INDIANA--It took Denise Dusza Weber a decade's worth of research, more than 100 first-person interviews and two sabbaticals from her previous job as a high school history teacher, to complete a massive 446-page chronicle of her childhood home, Vintondale.
And that only covers the years up to 1930 in the often "wild and wooly" past of the former coal mining town near the border of Cambria and Indiana counties.
Weber will share some of those tales today at 7 p.m. during a presentation titled "Delano's Doman: History of a Coal Town." Her presentation will take place at the Blue Spruce Park Lodge near Ernest.
Warren Delano was among the leading investors in Vintondale, when it and its coal mines were established in 1894.
Although he was the maternal uncle of a future Democratic president, Franklin Delano Roosevelt, Warren Delano "was a staunch Republican and a strict company man," Weber noted.
Like FDR, Warren Delano, was a product of New York's affluent Hudson River Valley.
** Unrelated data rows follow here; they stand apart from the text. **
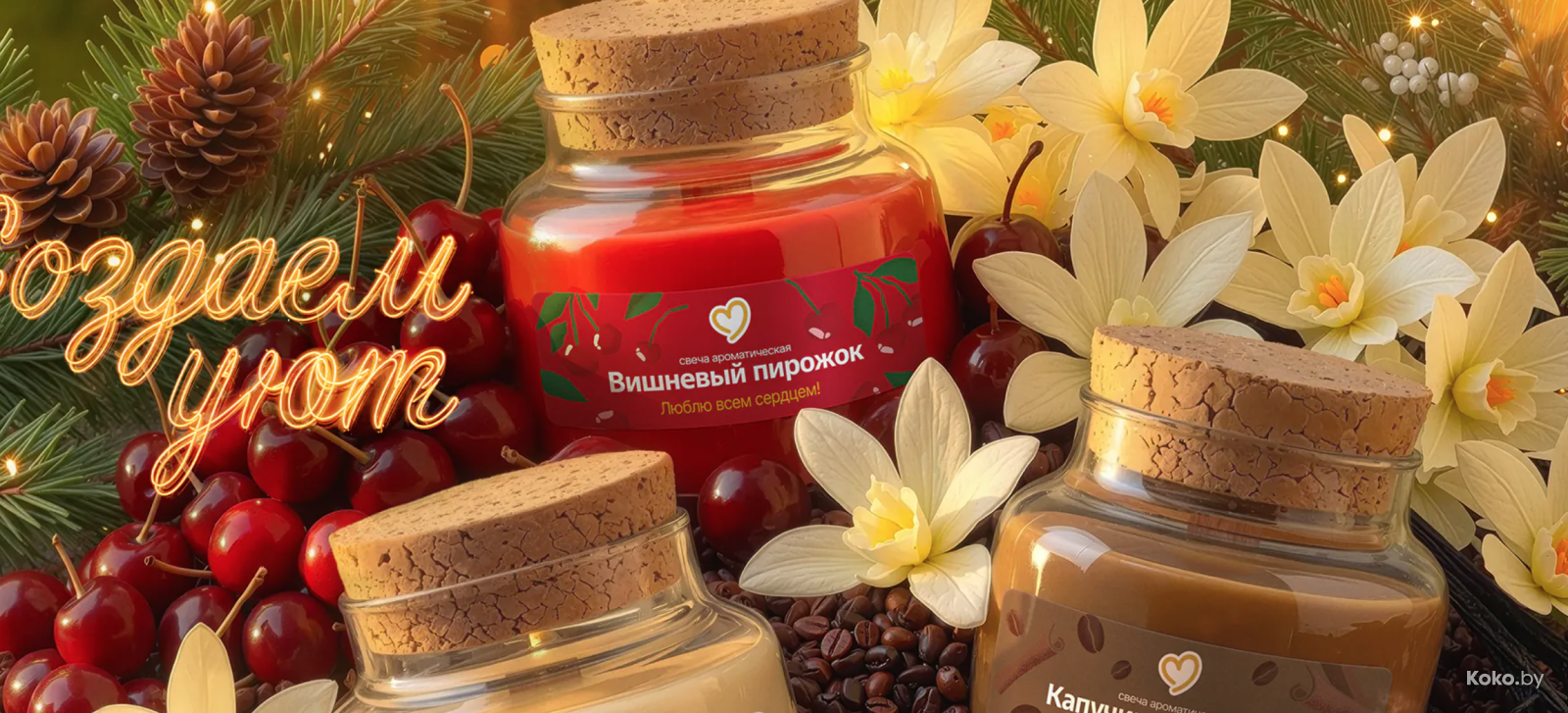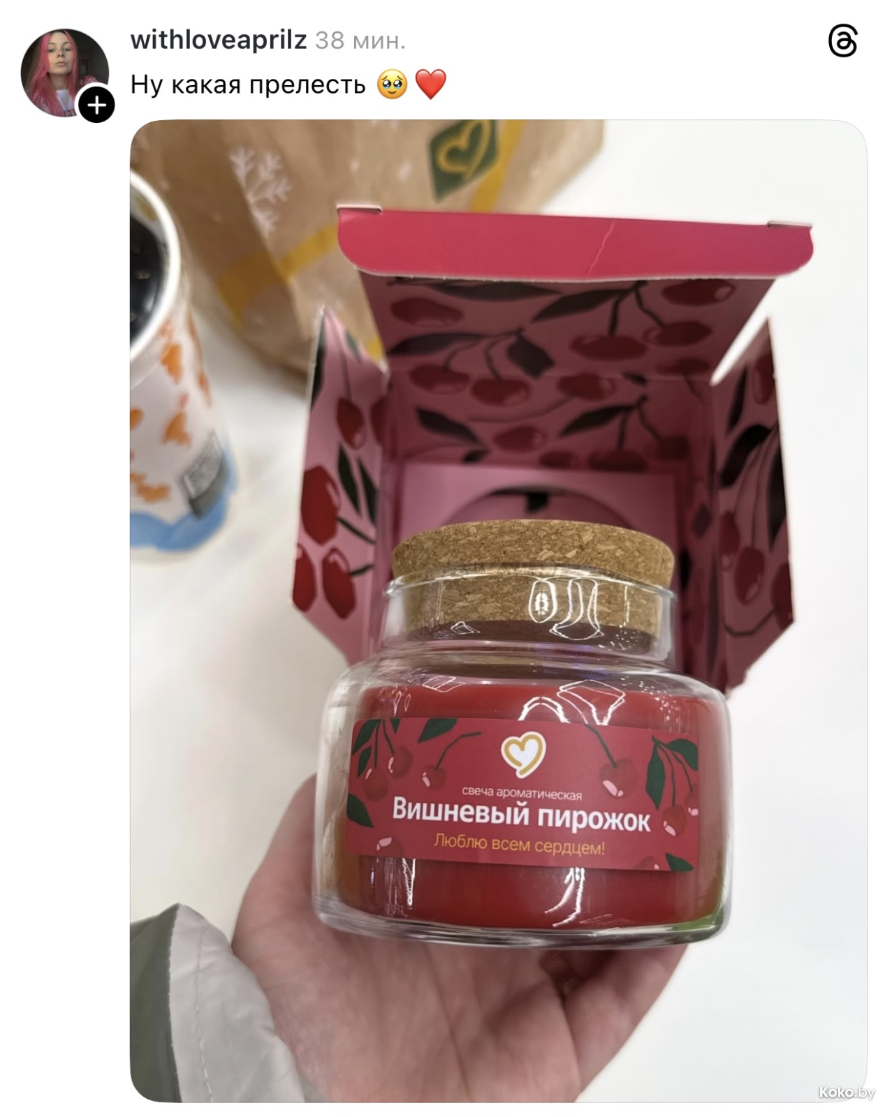 - Брендированная свеча с ароматом любимых продуктов
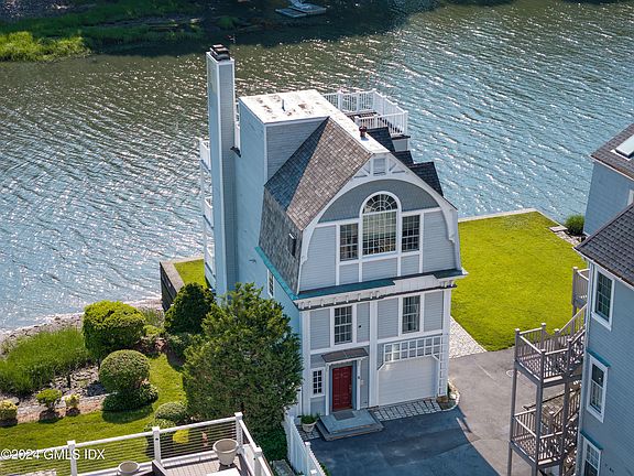Exquisite waterfront living on Steamboat Road! Be astounded by the breathtaking views of Long Island Sound from every room. Free-standing townhouse sited in a neighborhood w/stunning homes. A short walk to downtown Greenwich, this elegantly renovated unit boasts 3 bedrooms & 3.1 baths. Exceptional architectural elements & meticulous attention to detail, this graciously scaled interior is a constant delight. Features: hardwood floors, high ceilings, private ELEVATOR, fireplaces, built-ins & tall windows make the most of the water views. The gourmet kitchen opens to a dining area. Lovely primary with elegant marble bath. Finished loft (not included in SF) brings the total square footage to 2819. Bonuses: 4 expansive decks (2 covered), 2 garages & 3 additional parking spaces. Truly special.
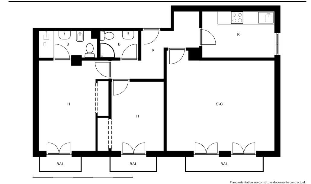 Construido en 2008, este piso tiene una superficie de 87 m² y se distribuye en salón-comedor, 2 dormitorios, cocina amueblada y equipada con horno, vitrocerámica y campana extractora y 2 baños, listo para convertirse en su próxima vivienda en alquiler.
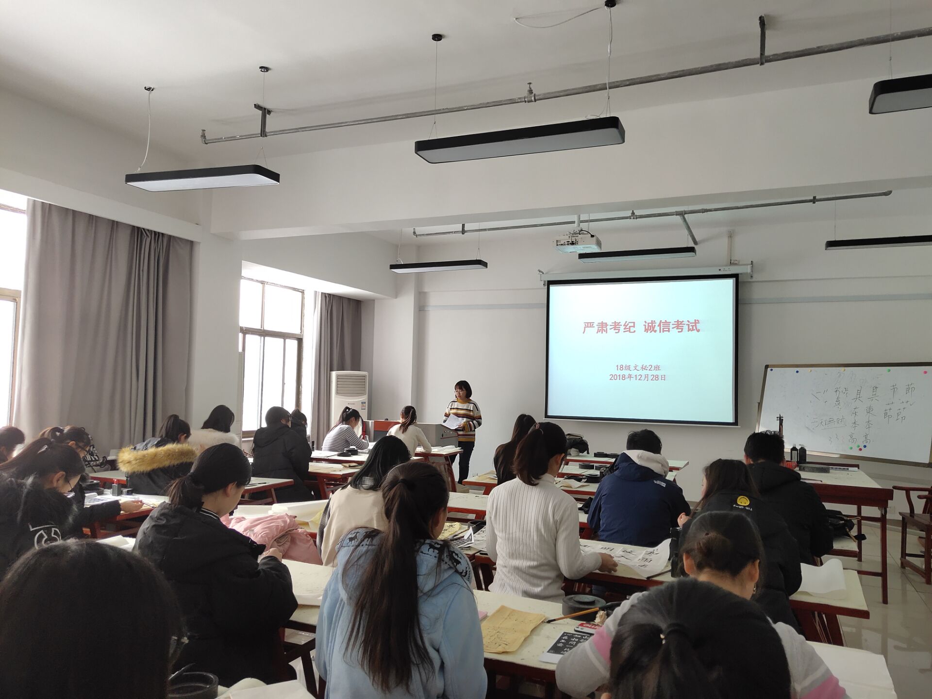 活动开展期间,各个班级积极响应号召,在“诚信考试 杜绝作弊”主题班会上,有老师表示,诚信是做人的根本,要学会做人,不给大学生涯留下遗憾。使同学明确懂得“诚信”的含义,理解“诚信”对学生自身发展和为人处世的重要意义,希望同学们继续大力开展有目标、有计划的学习。告诫同学们在接下来的时间里要认真复习,积极备考,树诚信、扬正气,用端正的态度对待每一场考试。同学们踊跃发言,分享关于诚信的感悟与理解,内容涉及到学习、工作、生活等诸多方面,气氛积极活跃。此外,学生会还组织开展了诚信考试展板签名活动,同学们在便签上写下诚信考试的承诺并署名,张贴在展板上。
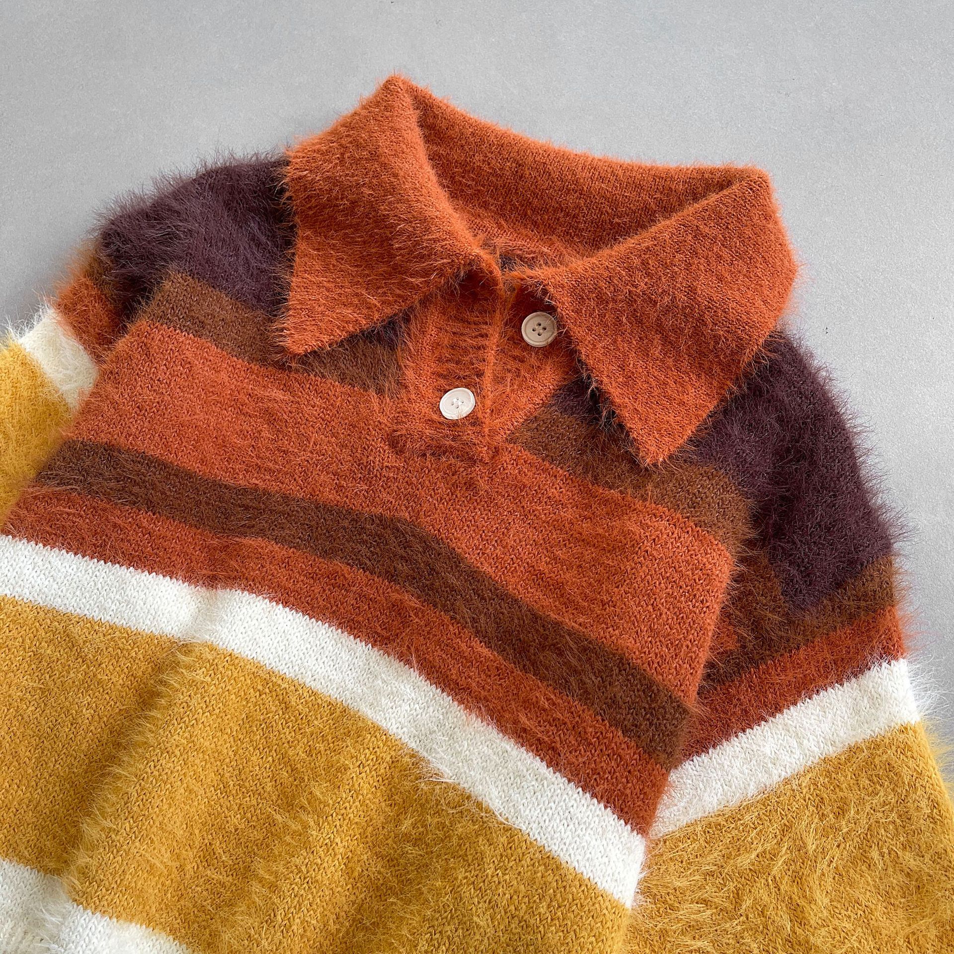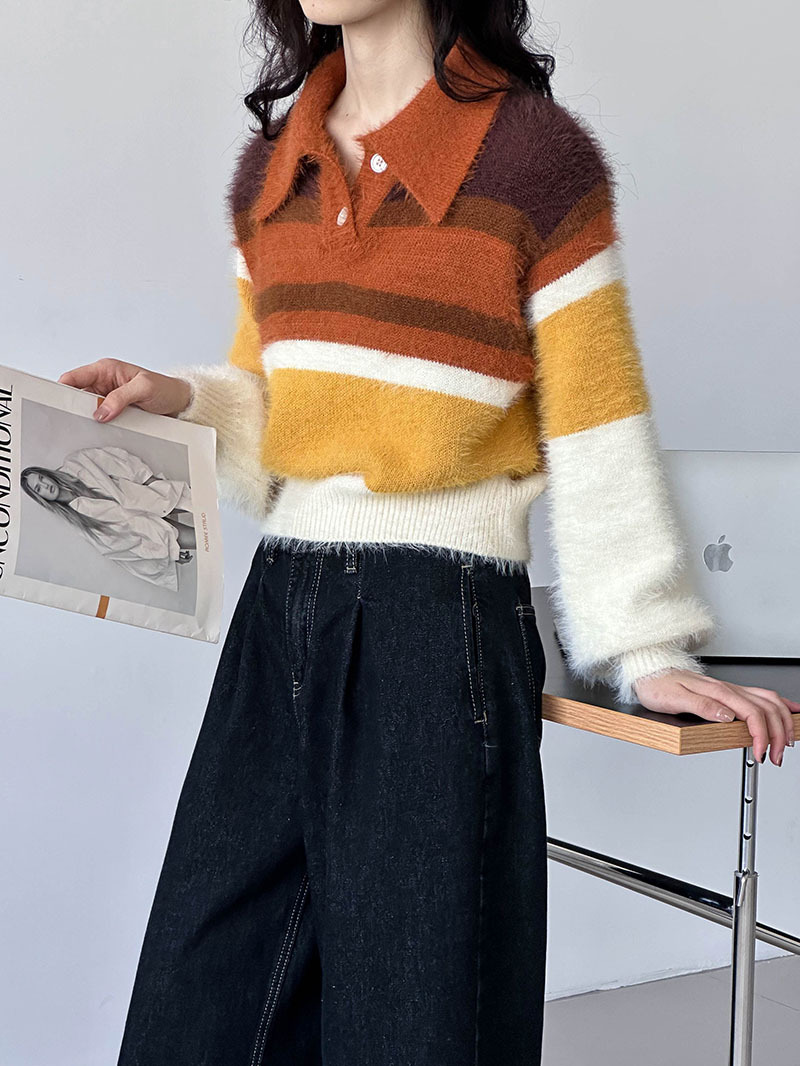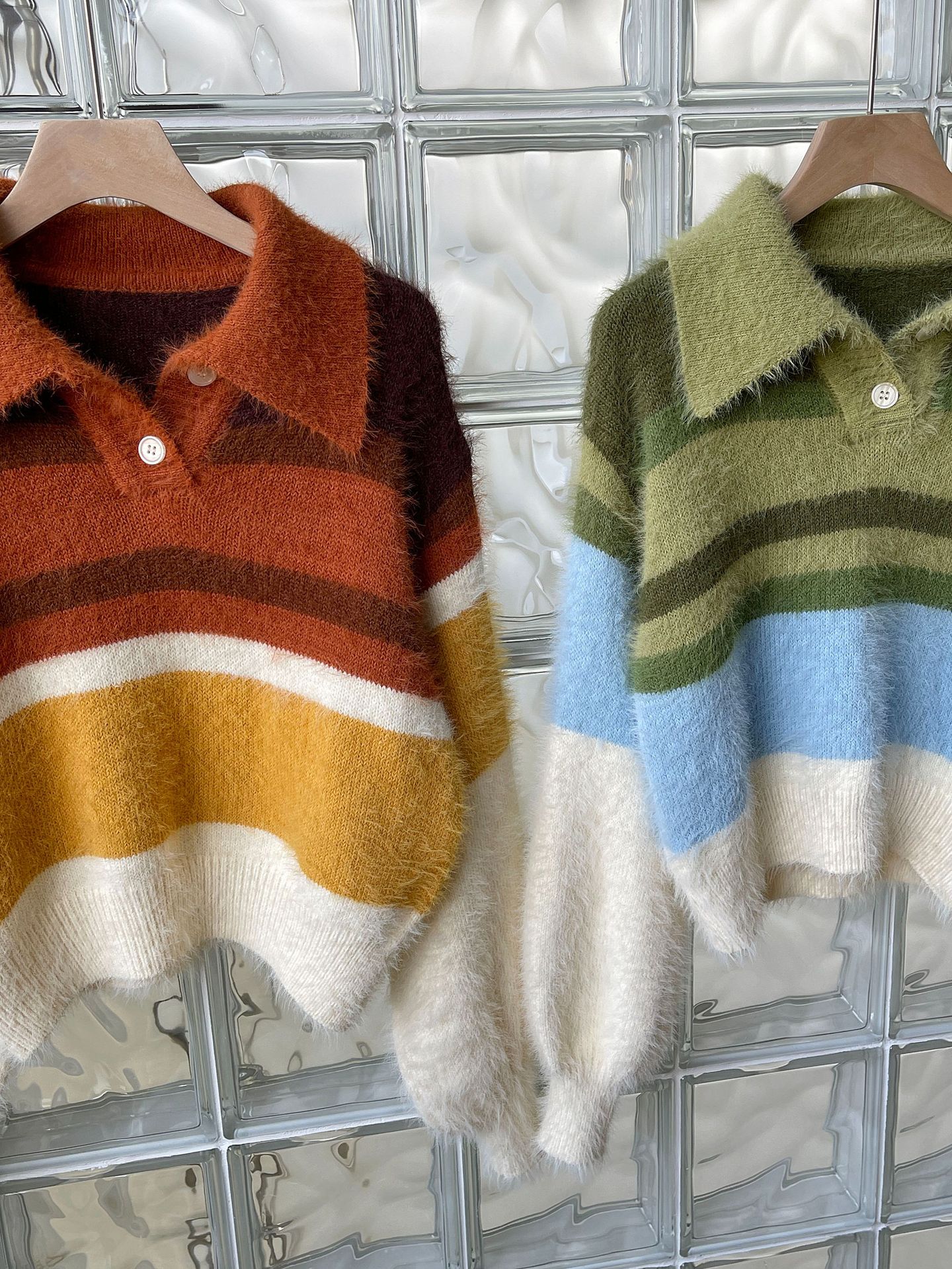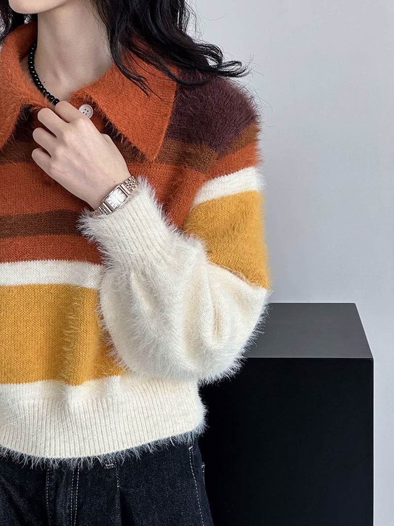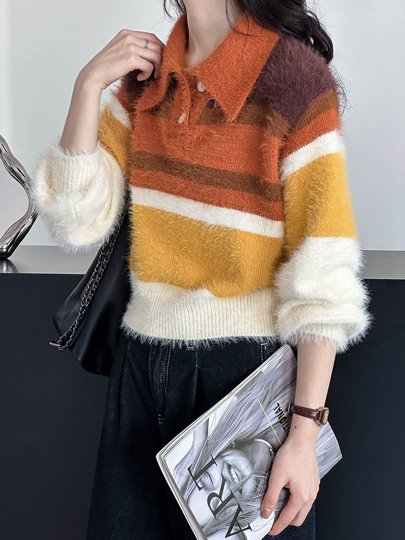 【商品名】【トップス】韓国風 折り襟 レトロ 大注目 ニットセーター

According to Weber's research, which included a visit to archives at FDR's Hyde Park Homestead, the Delano family had made one fortune in railroads and coal before losing it in a worldwide financial panic in the 1840s.
"They went to China, got into the opium business and recouped their money," Weber said. When they returned to the states, the Delanos reinvested in the domestic trades they knew best--including coal mining in Indiana and Cambria counties.
In addition to Vintondale, which lies just across the border in Cambria County, Delano developed the smaller coal mining towns of Wehrum and Claghorn, in nearby southeastern Indiana County.
According to Weber, Vintondale is the one of the three communities that survived because the mining company sold many of the lots to private owners. In Wehrum, "The company owned all the lots," and the town promptly faded after the mine was shuttered.